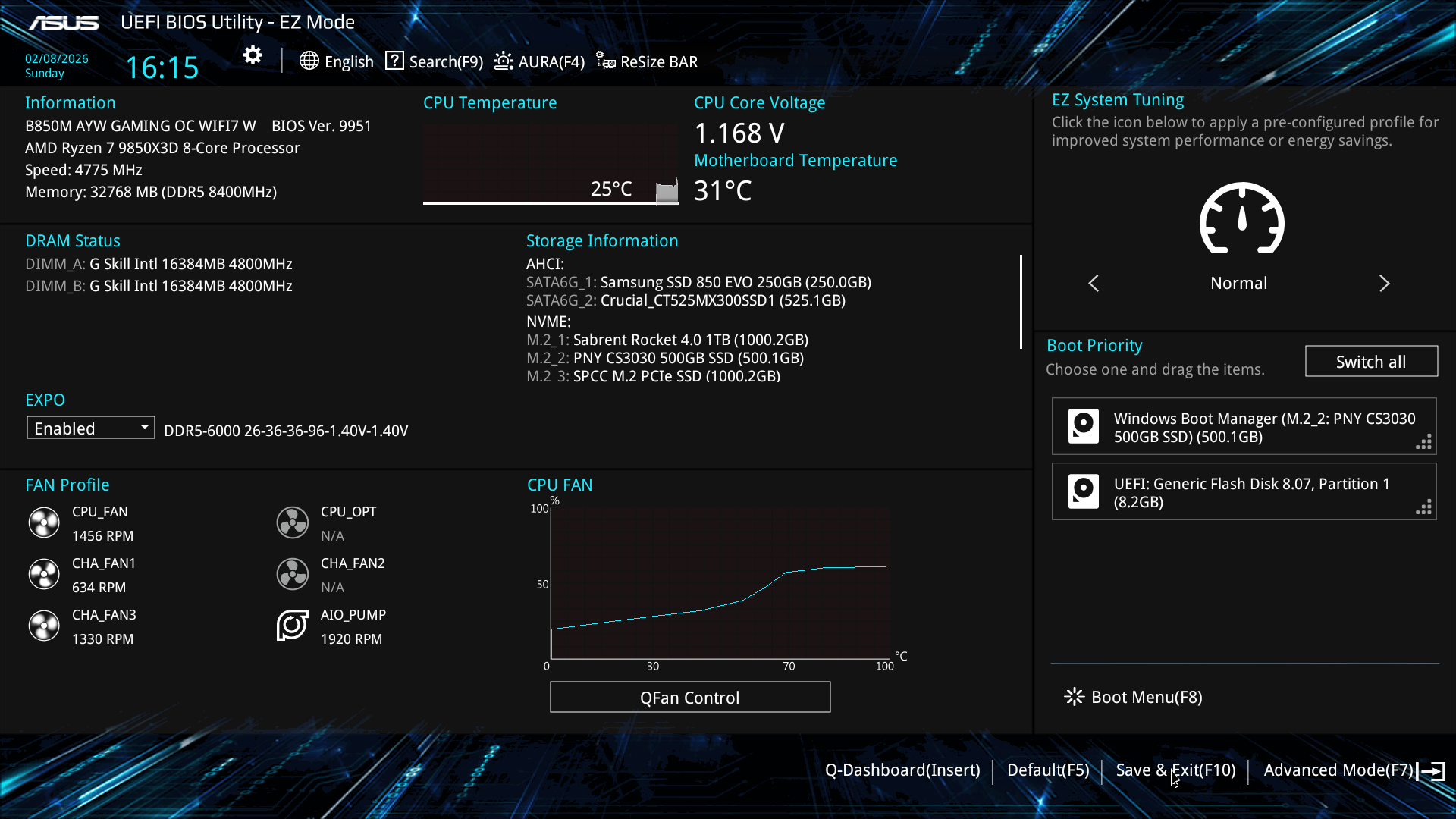 Quanto ao resto da otimização é exatamente igual ao 9800x3D, tentar meter o Infinity a 2200Mhz se o CPU aguentar, caso contrario achar o máximo estável.
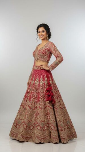This magnificent Red Lehenga Choli is the epitome of traditional Indian bridal wear, showcasing spectacular craftsmanship. The voluminous skirt, in a rich, deep red hue, is entirely blanketed in dense, shimmering Gold Zari, Sequin, and Bead Work. The embroidery features traditional paisley and floral motifs, creating a highly textured and opulent fabric. The full-sleeved choli…
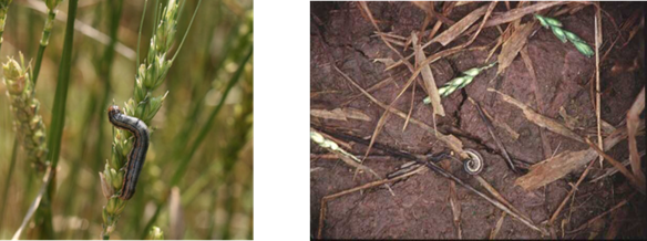 This cool, rainy spring weather, while providing excellent growing conditions for wheat, is also foodstuff for “producing” armyworms. Armyworm infestations typically occur in late April through the first two weeks of May. They feed on leaves and awns, (below left) and occasionally clip the head from developing plants. The head clipping (below right) I have noticed over the years is mostly restricted to secondary tillers with very small, green heads that contribute very little to yield.
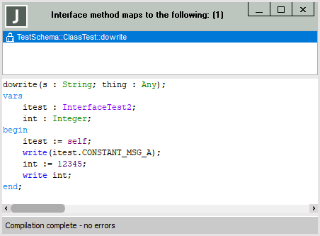 You can amend and compile a selected method, if required; for example, to automatically update the method signature when the signature of the interface method has changed. (For details, see "Compiling an Interface Method", earlier in this chapter.)

WORK INSTRUCTIONS: What is needed is an exact copy of each line from the top of the data above through the line containing "This cool, rainy", with no pictures.

COMPLETED EXERCISE:
 Quanto ao resto da otimização é exatamente igual ao 9800x3D, tentar meter o Infinity a 2200Mhz se o CPU aguentar, caso contrario achar o máximo estável.
This magnificent Red Lehenga Choli is the epitome of traditional Indian bridal wear, showcasing spectacular craftsmanship. The voluminous skirt, in a rich, deep red hue, is entirely blanketed in dense, shimmering Gold Zari, Sequin, and Bead Work. The embroidery features traditional paisley and floral motifs, creating a highly textured and opulent fabric. The full-sleeved choli…
 This cool, rainy spring weather, while providing excellent growing conditions for wheat, is also foodstuff for “producing” armyworms. Armyworm infestations typically occur in late April through the first two weeks of May. They feed on leaves and awns, (below left) and occasionally clip the head from developing plants. The head clipping (below right) I have noticed over the years is mostly restricted to secondary tillers with very small, green heads that contribute very little to yield.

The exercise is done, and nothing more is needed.